Methods. This is a secondary analysis of data obtained from the IMMEDIATE AIM trial. Data included 24-hour 12-lead Holter electrocardiographic recordings. The sample of the present analysis consisted of patients who presented to the emergency department with chest pain (N, 145). The QTi was measured automatically and rate corrected using seven QTc formulas including subject specific correction. The formula with the closer to zero absolute mean QTc/RR correlation was considered the most accurate. The QT/RR slope was compared among different HR zones applying steady (with minimal fluctuation) beat selection technique.

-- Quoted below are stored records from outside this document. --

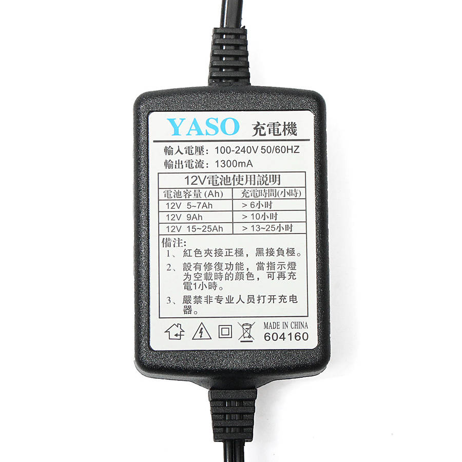 Package weight: 0.13 kg Feature: Short circuit protection (LED goes out, charging stops). Wrong connection protection (LED turns red, charging stops). Battery is full (LED turns red, charging stops). Red clip is connected to the positive, black is connected to the negative. With a repair function, when the light is no-load color, rechargeable 1 to 10 hours. Two-color light instructions, overcharge protection, full automatic stop. With reverse polarity protection, not afraid of short circuit. For 25Ah the following batteries. 12V 5-7AH takes about 6 hours. 12V 9AH takes about 10 hours. 12V 15-17AH takes about 13-15 hours. Specification: Color: Black Plug: US Plug Input: AC 100-240 V, 50-60HZ Output: DC 12V 1.30A Float charge voltage: 14.2V ± 0.5V Constant voltage output voltage: 13.8V ± 0.5V Constant current charging current: 0.85-1.25A Conversion current: 450-550mA DC maximum output power: 13W Efficiency: > 84% (maximum output voltage, full load) LED indicator: Green = charging. Red = Battery full Dimension: 76 x 48 x 30mm Power Wire length: 48.5cm Input Wire length: 65cm Output Wire length: 65cm Package Included: 1 X Battery Car Charger Notice: 1.Due to different producing batches, product details might be a little different. If you minding the difference, please buy it carefully. 2.Please allow 1-3CM differs due to manual measurement. 3.Due to the different display and different light, the picture may not reflect the actual color of the item. Thanks for your understanding.
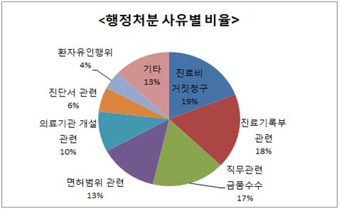 사유별로는 전체 행정처분의 약 19%가 진료비 거짓청구 때문이었다. 행정처분을 받은 의사 5명중 1명꼴이다.
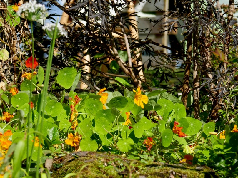 From the top: Nasturtiums and a miniature Fuchsia – very pretty but also edible
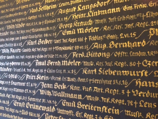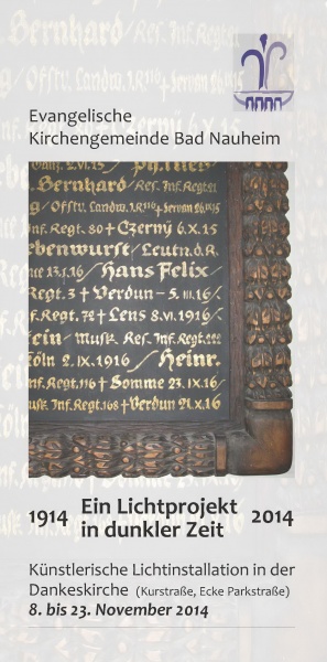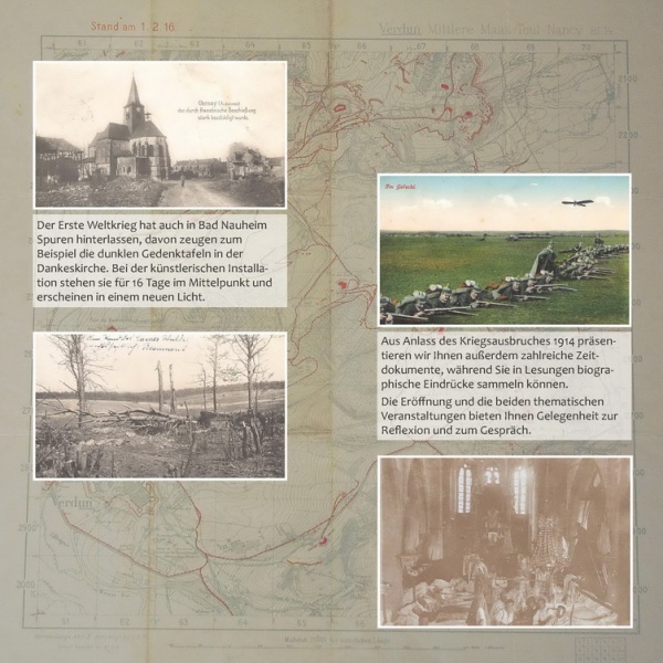 "In diesem Jahr jährt sich der Ausbruch des 1. Weltkrieges zum 100. Mal. Im Sommer 1914 brachte das Attentat von Sarajevo das Pulverfass Europa zur Explosion. Ein Krieg, der die alte Weltordnung für immer veränderte – die Uhr Katastrophe des 20. Jahrhunderts. Doch wie erlebten einfache Menschen, junge Soldaten und ihre Familien diese Zeit? Welche Spuren hat der 1. Weltkrieg in Bad Nauheim hinterlassen? In der Dankeskirche zeugen die dunklen Gedenktafeln aus Eichenholz an der Rückwand vom 1. Weltkrieg.
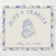 Sötärta: vin-etiketten med gnistrande bröllop med blå fjäril, par namn och bröllop på gräddbakgrunden i blommigt ram
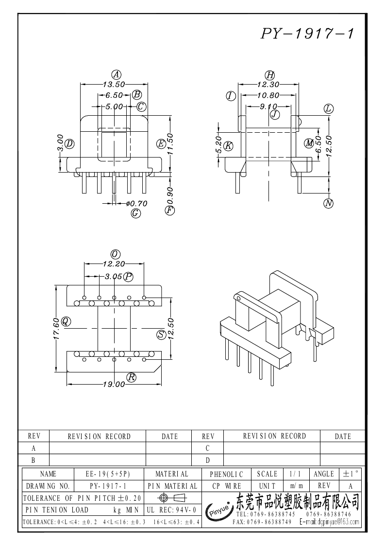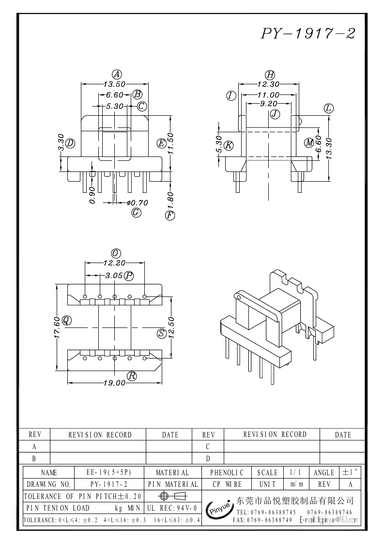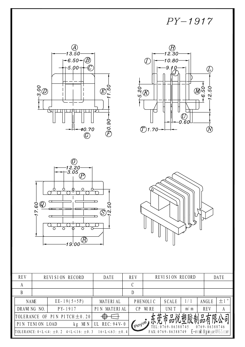 PY-1917三种 EE-19(5+5P)卧式四槽
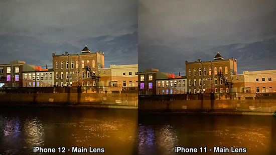 在這組依然是夜間拍照的對比中,iPhone 12和iPhone 11之間的區(qū)別也主要集中在曝光度方面,可以看到的是,iPhone12拍攝的照片中,右側(cè)區(qū)域的建筑物表面和左側(cè)部分區(qū)域的亮度要高,而iPhone 11相比這些對應(yīng)的區(qū)域亮度則比較低一些。整體來看,iPhone 12在這張夜景拍照的區(qū)別中,整體效果要比iPhone 11更好。
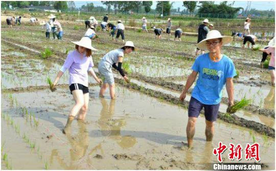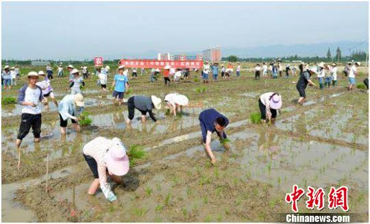 中新网成都5月14日(记者 贺劭清)记者14日从四川农业大学获悉,该校农学专业2015级学生近日在老师的带领下前往四川农业大学现代农业研发基地(崇州)开展了农学专业实践教学重要环节——插秧。
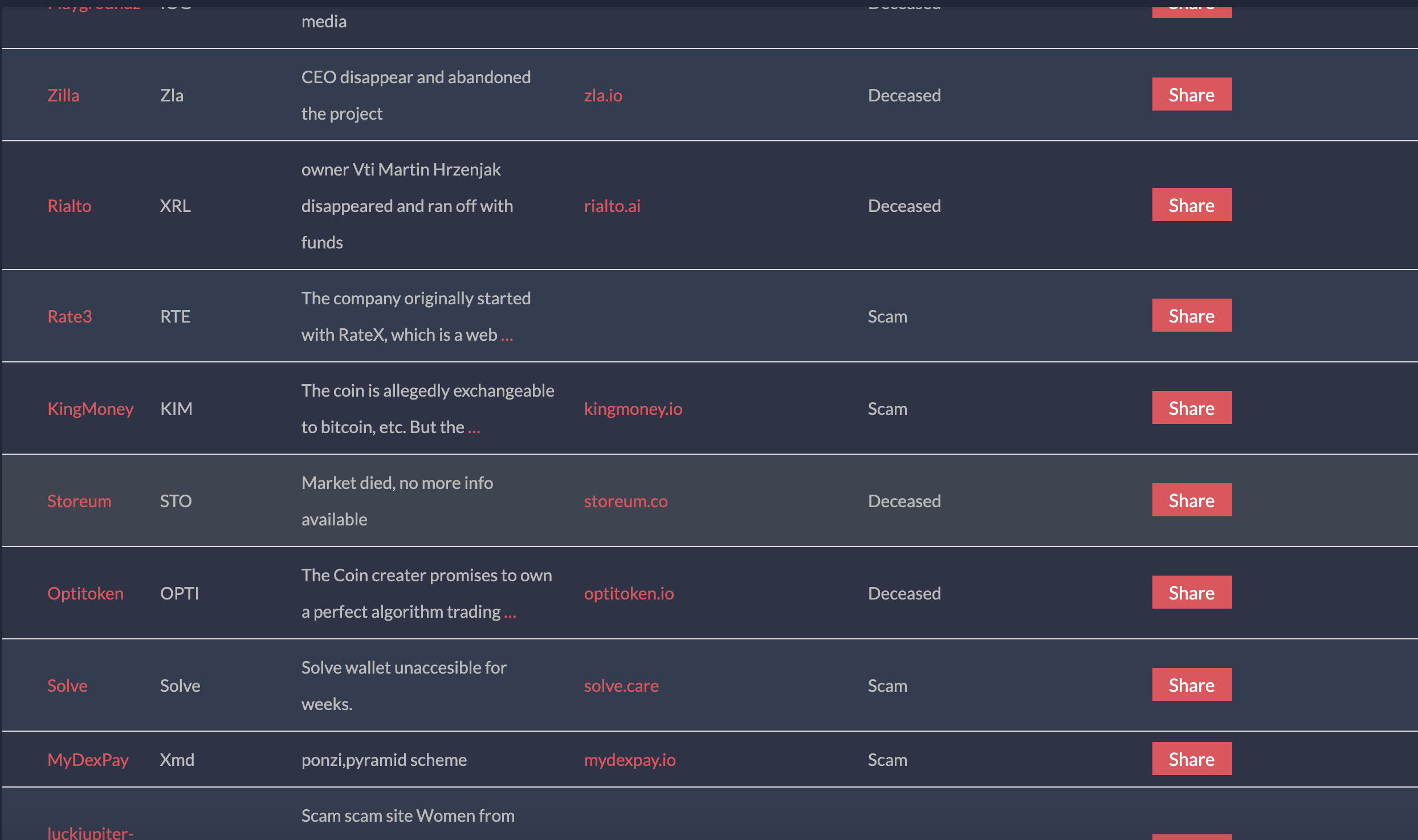 사기거나 개발이 중단된 코인 프로젝트들이 목록화 되어있습니다. 현재도 굉장히 많은 코인들이 올라가 있는 것을 알 수 있는데요. 정말 사기가 판치는 코인판이라는 생각이 드네요. 이런 스캠코인 때문에 많은 투자자들이 굉장히 많은 피해를 입고 있습니다.
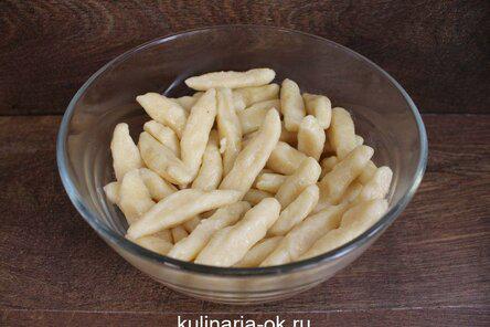 На стол насыпьте муку. Тесто отрывайте по кусочку и на подсыпанной мукой поверхности скатывайте жгутики, сформируйте пальчики.
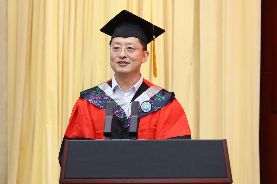 博士毕业生代表牛琳、硕士毕业生代表李世龙在发言中回顾了在环科院的求学经历和成长蜕变,表达了对环科院的不舍之情和对恩师的衷心感谢,并表示将始终铭记“顶天立地惠民,求实创新奉献”的院训,坚守科研报国的初心,继续为生态环境保护事业贡献力量。导师代表马瑾在发言中叮嘱同学们,要永葆善良之心,始终守护内心的光明;要锻造独立精神,跳出“内卷”,建立自己的坐标系,坚持找到真正的自我价值;要追寻生命欢愉,不必困于单一的成功定义,要活出生命的丰盈,成为完整的自己。
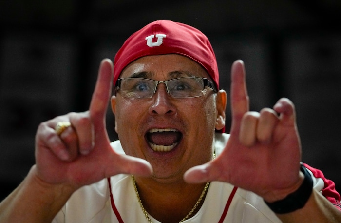 (Bethany Baker | The Salt Lake Tribune) A Utah Utes fans cheers during the game against the Brigham Young Cougars at the Jon M. Huntsman Center in Salt Lake City on Saturday, Dec. 9, 2023.
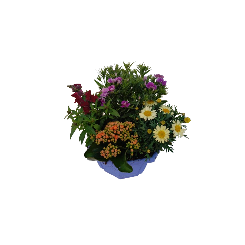 Composition extérieure 27 cm couleur hexagone Oeillet de chine / muflier 10 / Kalanchoe 10 / Anthemis 10
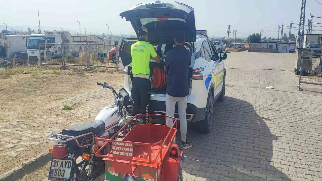 Görüntüler üzerine harekete geçen Hatay İl Emniyet Müdürlüğü Trafik Şube Amirliği ekipleri motosikleti ve sürücüyü kısa sürede tespit etti.
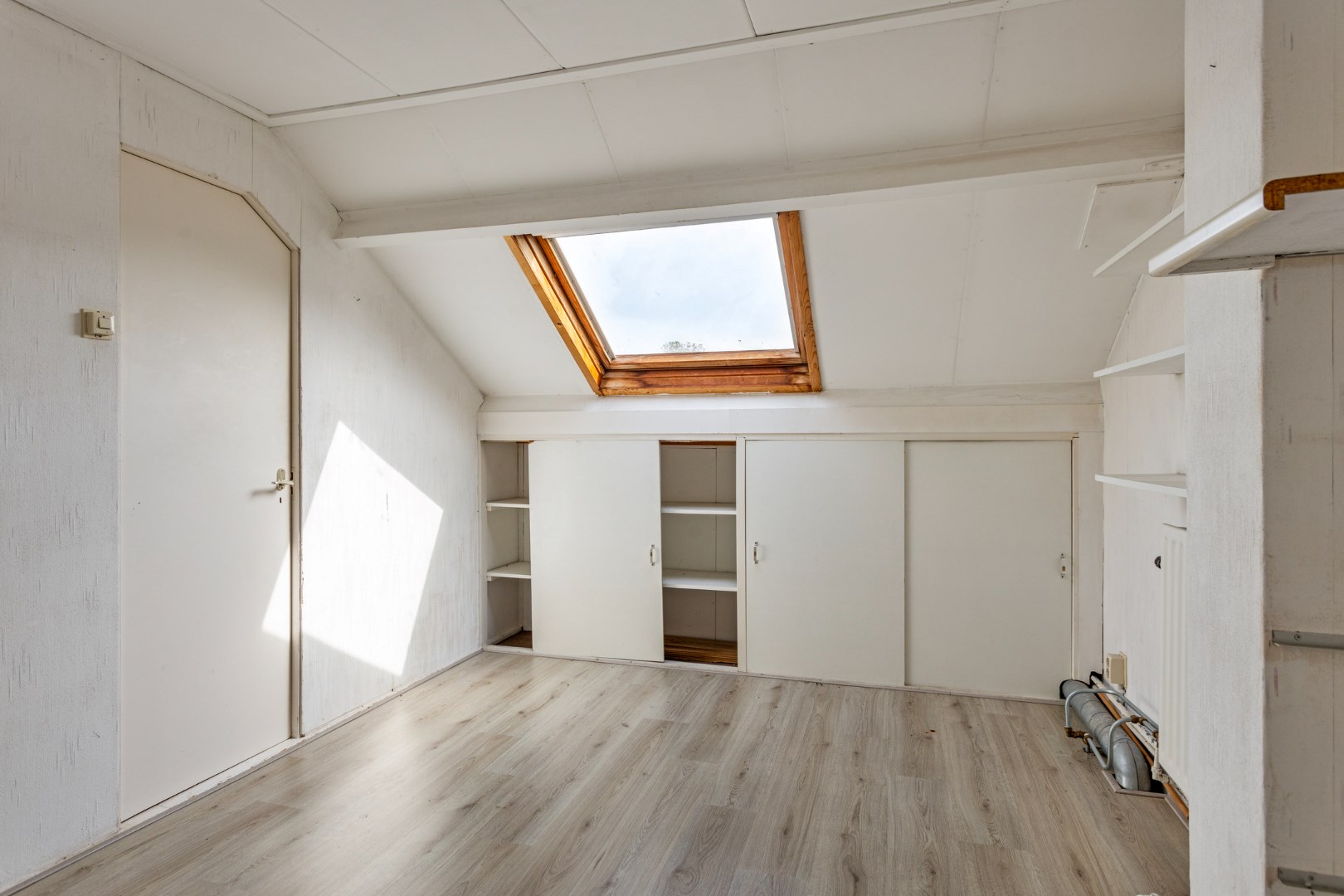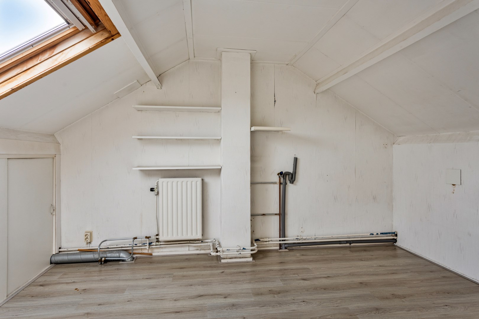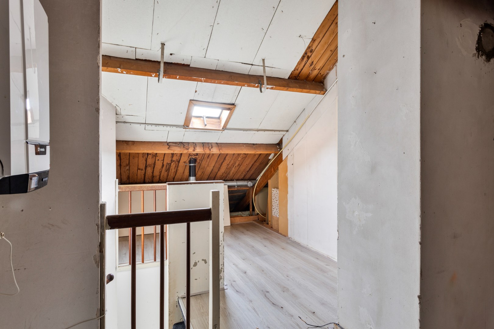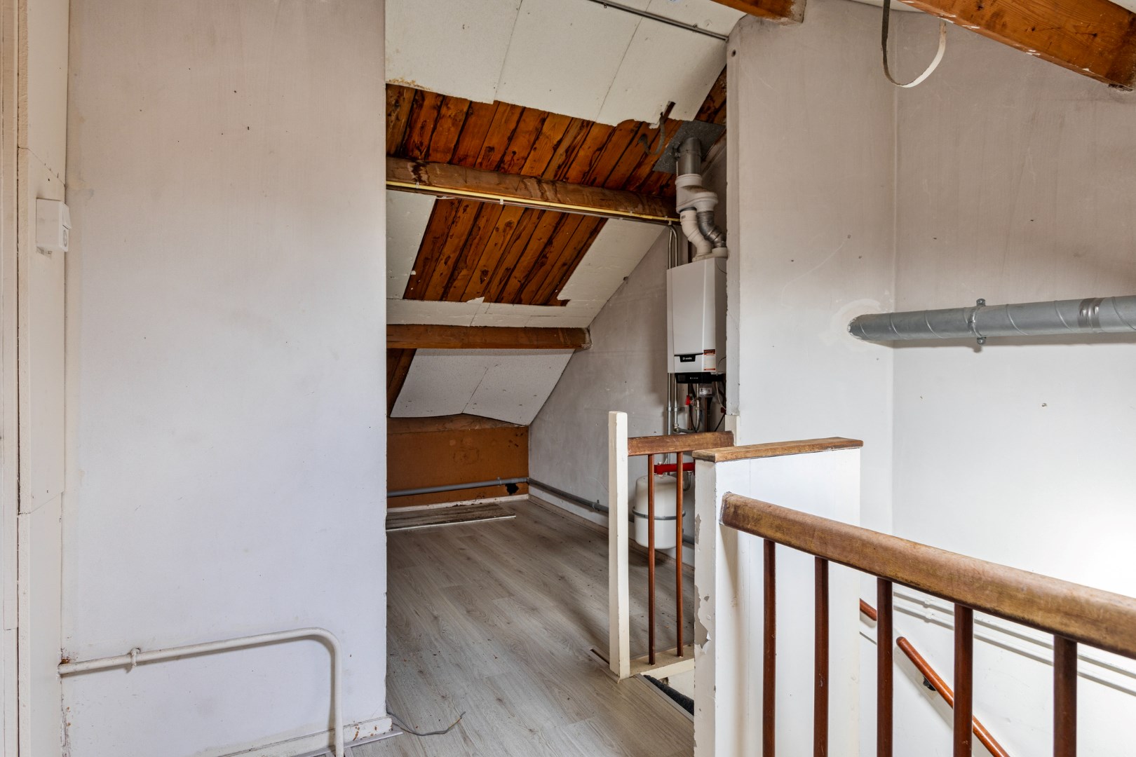 Overloop met opstelplaats voor de Cv-installatie zolderkamer met dakraam aan de achterzijde en opstelplaats voor wasmachine en droger.
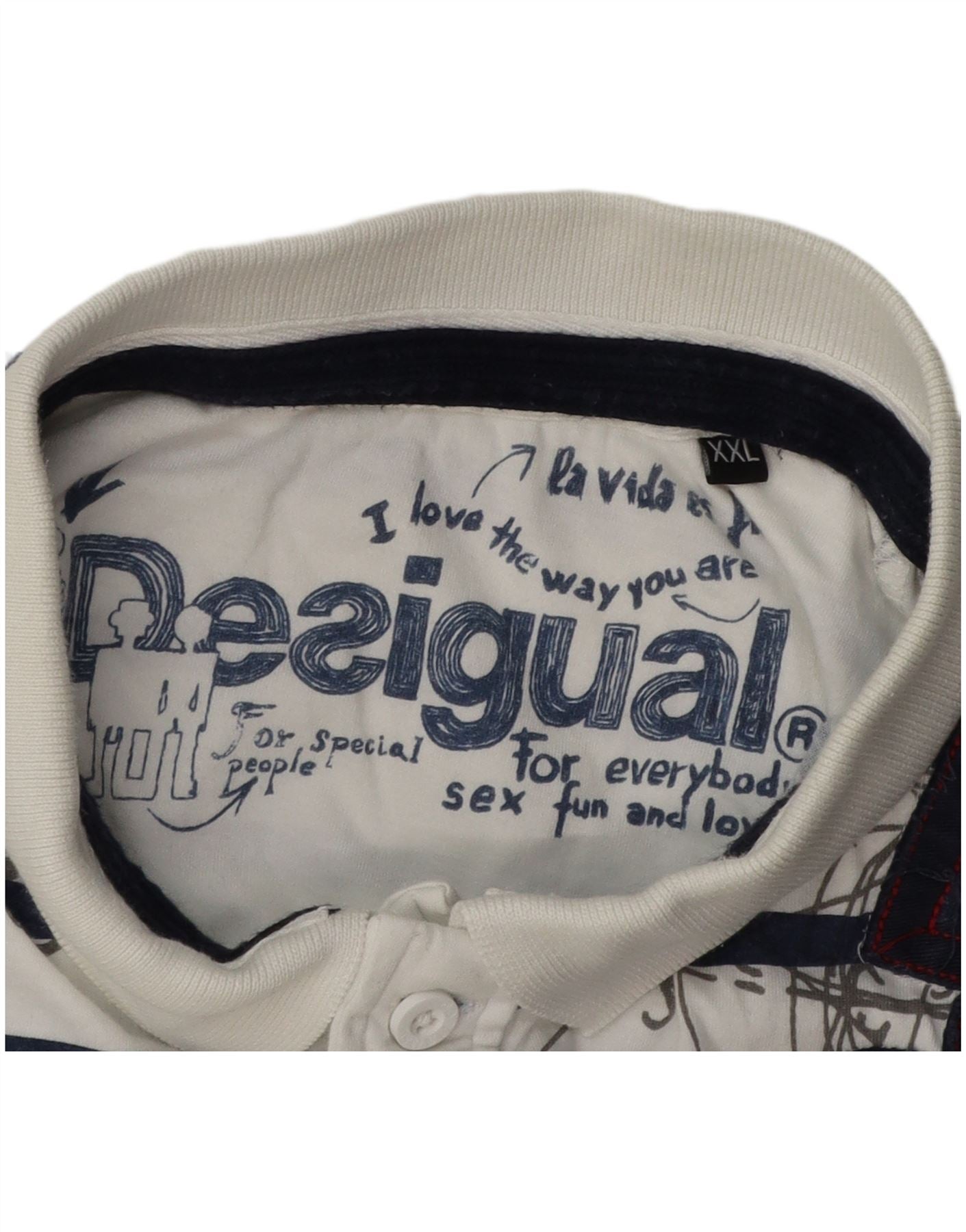 DESIGUAL Herren Grafik-Poloshirt 2XL Weiß gestreift
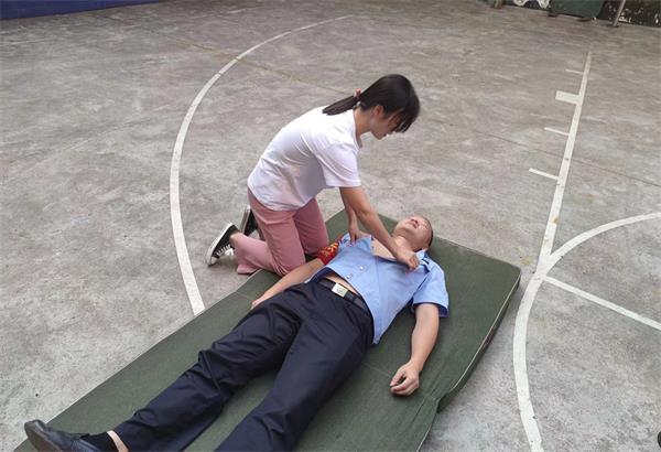 教学过程中,警嫂护士向奕向全体干部民警讲解了整个心肺复术操作的具体步骤和要领,包括急救前的检查工作、急救中的注意事项、急救的动作要领以及急救实施过程中的细节等流程,细致示范如何正确进行心肺复苏。

Results. Subject specific QT rate correction outperformed other QTc formulas and resulted in the closest to zero absolute mean QTc/RR correlation. Using linear subject specific correction, the prevalence of long QTc interval was 14.5%. The QTc interval did not predict mortality or hospital admission at short and long term follow-up. The QT/RR slope was significantly less under the bradycardia zone (0.074 ± 0.07) compared to the normal (0.114 ± 0.1, p < 0.01) or the tachycardia zones (0.147 ± 0.1, p < 0.001). There was no difference between the normal and the tachycardia zone.

Conclusion. Adequate QT rate correction can only be performed using subject specific correction. Long QTi is not uncommon among patients presenting to the emergency department with chest pain. The QT/RR slope is different among different HR zones. These differences can be used in resetting the limits defining different HR zones boundaries.